=== TASK MATERIAL ===
Start of Block

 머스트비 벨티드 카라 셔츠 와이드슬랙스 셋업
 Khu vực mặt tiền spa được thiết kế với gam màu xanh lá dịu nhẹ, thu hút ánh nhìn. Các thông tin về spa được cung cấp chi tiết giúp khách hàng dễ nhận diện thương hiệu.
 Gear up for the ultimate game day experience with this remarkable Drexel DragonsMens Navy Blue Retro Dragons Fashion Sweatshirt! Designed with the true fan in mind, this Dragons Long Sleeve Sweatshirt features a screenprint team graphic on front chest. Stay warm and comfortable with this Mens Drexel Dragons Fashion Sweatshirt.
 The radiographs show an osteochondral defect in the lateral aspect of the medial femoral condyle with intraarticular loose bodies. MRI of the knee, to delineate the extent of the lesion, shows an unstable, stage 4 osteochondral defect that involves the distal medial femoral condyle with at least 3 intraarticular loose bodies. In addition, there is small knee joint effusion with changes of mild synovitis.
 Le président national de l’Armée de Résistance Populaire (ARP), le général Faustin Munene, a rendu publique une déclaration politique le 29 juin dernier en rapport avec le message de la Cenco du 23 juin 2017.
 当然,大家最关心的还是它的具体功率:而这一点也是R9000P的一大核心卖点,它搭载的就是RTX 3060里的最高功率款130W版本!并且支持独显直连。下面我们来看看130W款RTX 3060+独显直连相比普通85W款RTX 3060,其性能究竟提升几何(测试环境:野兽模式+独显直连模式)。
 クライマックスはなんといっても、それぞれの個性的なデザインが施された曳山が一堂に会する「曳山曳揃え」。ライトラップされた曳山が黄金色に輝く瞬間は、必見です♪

End of Block
Start of Block

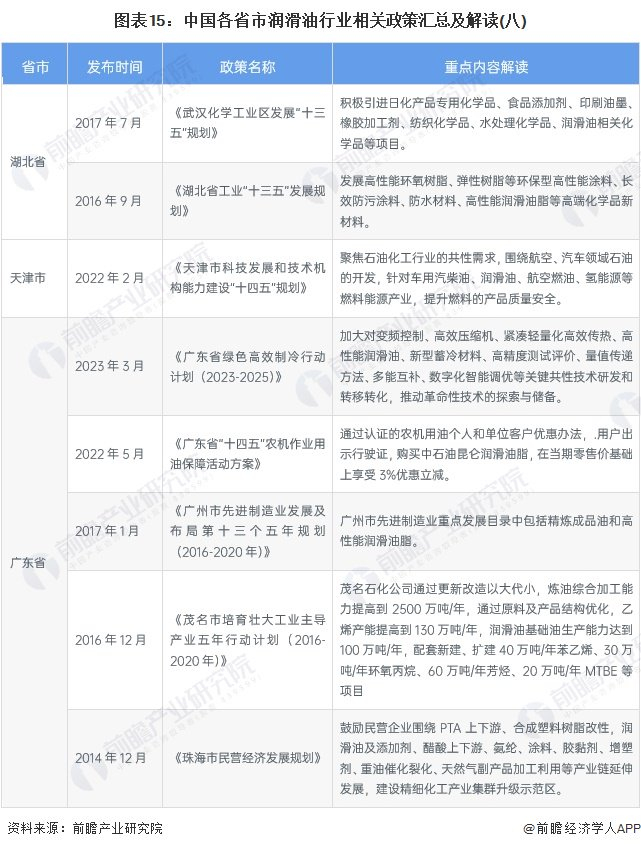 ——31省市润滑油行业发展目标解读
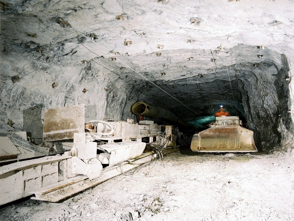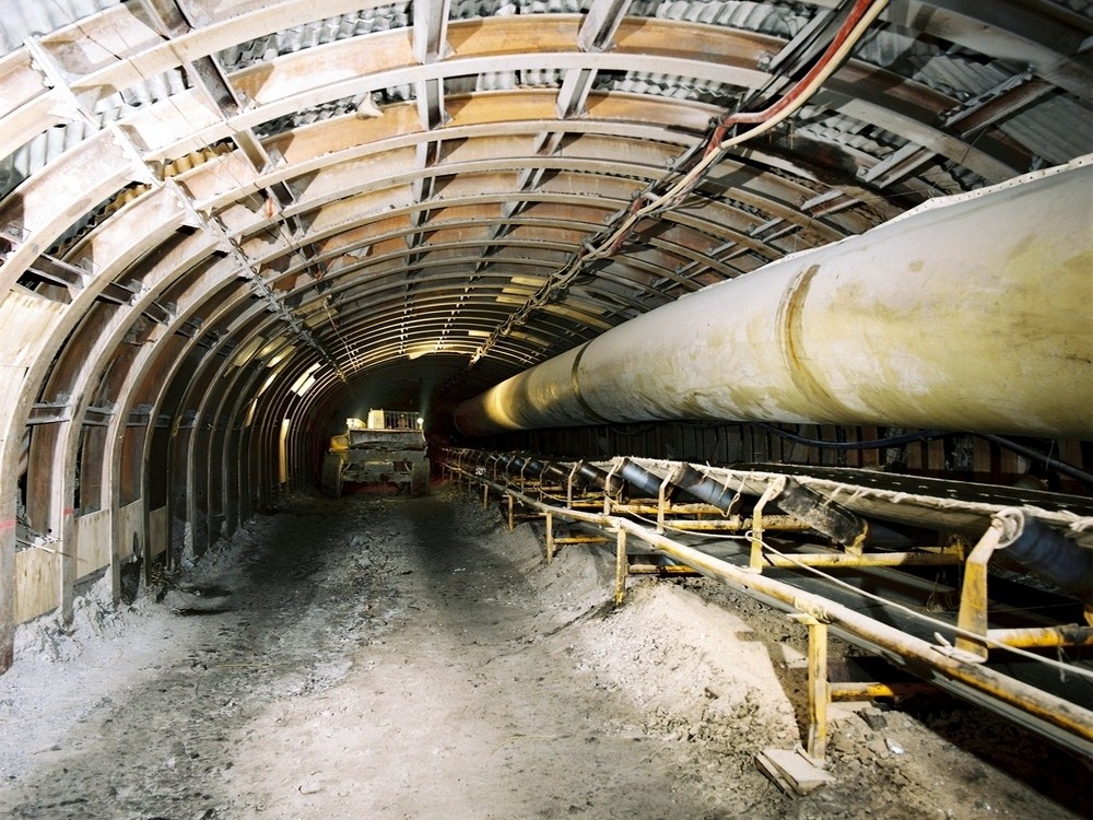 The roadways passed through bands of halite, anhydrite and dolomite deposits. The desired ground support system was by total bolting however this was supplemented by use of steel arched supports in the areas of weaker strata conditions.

End of Block

=== THE PROBLEM ===
Which lines run from the one holding "Khu vực mặt" through the one holding "クライマックスはなんといって" in the records above? Repeat them exactly, both included, and nothing more.

=== SOLUTION TO THIS EXERCISE ===
 Khu vực mặt tiền spa được thiết kế với gam màu xanh lá dịu nhẹ, thu hút ánh nhìn. Các thông tin về spa được cung cấp chi tiết giúp khách hàng dễ nhận diện thương hiệu.
 Gear up for the ultimate game day experience with this remarkable Drexel DragonsMens Navy Blue Retro Dragons Fashion Sweatshirt! Designed with the true fan in mind, this Dragons Long Sleeve Sweatshirt features a screenprint team graphic on front chest. Stay warm and comfortable with this Mens Drexel Dragons Fashion Sweatshirt.
 The radiographs show an osteochondral defect in the lateral aspect of the medial femoral condyle with intraarticular loose bodies. MRI of the knee, to delineate the extent of the lesion, shows an unstable, stage 4 osteochondral defect that involves the distal medial femoral condyle with at least 3 intraarticular loose bodies. In addition, there is small knee joint effusion with changes of mild synovitis.
 Le président national de l’Armée de Résistance Populaire (ARP), le général Faustin Munene, a rendu publique une déclaration politique le 29 juin dernier en rapport avec le message de la Cenco du 23 juin 2017.
 当然,大家最关心的还是它的具体功率:而这一点也是R9000P的一大核心卖点,它搭载的就是RTX 3060里的最高功率款130W版本!并且支持独显直连。下面我们来看看130W款RTX 3060+独显直连相比普通85W款RTX 3060,其性能究竟提升几何(测试环境:野兽模式+独显直连模式)。
 クライマックスはなんといっても、それぞれの個性的なデザインが施された曳山が一堂に会する「曳山曳揃え」。ライトラップされた曳山が黄金色に輝く瞬間は、必見です♪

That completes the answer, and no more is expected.